Review Rating
With the October 2004 review, we began rating the books on the basis of one to four trowels;
one trowel= don’t bother, to four trowels= run right out to your local book store and buy the hard cover!
Golden Oldies - reviewing previously unreviewed books by previously reviewed “greatest hits” authors!
As we approach nearly twenty-five years of the MVAC reviews of archaeological fiction, I thought it would be fun to re-visit six of the authors whose works have been reviewed in the past. Three of these authors have sadly passed away since I first reviewed them (Margot Arnold, Lynn Hamilton, and Elizabeth Peters); two have “retired” their archaeologist protagonists, Gideon Oliver (Aaron Elkins), and Emma Fielding (Dana Cameron); and one, (Kate Ellis) continues to put DI Wesley Peterson and his friend, archaeologist Neil Watson, in harm’s way as solve contemporary crimes that have their roots in the distant past. While these authors have been reviewed previously, these books have not.
Artifacts by Mary Anna Evans
Reviewed on: December 1, 2003
Poisoned Pen Press, Scottsdale, Arizona
2003 (hc)
I’ve mentioned previously that one of life’s true delights for me is the discovery of a new author and his or her first novel that I find truly exciting. Mary Anna Evans and her Artifacts are that author and that first novel!
Faye Longchamp is the heroine of this atmospheric gothic mystery set in the panhandle of Florida and its tiny islands and islets of shifting sand. She is a shadowy figure in many ways—a young, attractive biracial woman who clings stubbornly to her heritage, both cultural and built, as she lives in a purposely run-down ancestral plantation mansion. She literally hides the existence of Joyeuse, the name given to the property in ante-bellum times, from the taxman, while she works as a supervisor on a university archaeological dig by day and a pothunter by night to save up enough money to meet property tax demands. Pothunting may be anathema to all of us who embrace the concepts of scientific excavation methods, provenience, site reports, etc., but Author Evans very skillfully and sympathetically explains Faye’s rationalizing—indeed, Faye’s need to carry on this illegal activity. The descendant of a remarkable slave named Cally, who was freed before the Civil War, Faye lives in a shadow world between races, classes and the law-abiding and the lawless. Fay is, in a Faulknerian sense, one of “the unvanquished.”

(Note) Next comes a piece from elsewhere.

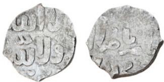
767 Islamic Coin, AR Dirham, (11 mm, 0.67 g).

In the midst of her legitimate excavating and her trafficking in illicit artifacts, Faye is plunged into the forty-year-old mystery of the disappearance of a young local debutante when skeletal remains are discovered on the dig. Almost within hours two student excavators are assassinated, followed by the discovery of three more decades-old bodies. Seagreen Island has become more than just an archaeology site—it has become a veritable killing field. Her life, plus that of her mysterious friend Joe Wolf Mantooth, is in danger and it eventually becomes evident to Faye that the killer of four decades past is alive and well and more than willing to continue killing.
This novel is wonderfully multi-layered, spinning a wonderful murder mystery while at the same time lovingly describing a place (the west Florida panhandle) that retains much of its unique history and culture. With seamless ease, Ms. Evans tells the back story of how Faye’s great-great-grandmother Cally, a freed slave, could become the owner of Joyeuse, and hand it down to her present day descendant.
This is simply a wonderful book and I look forward to the continuing of Faye’s adventures in next summer’s publication of Relics.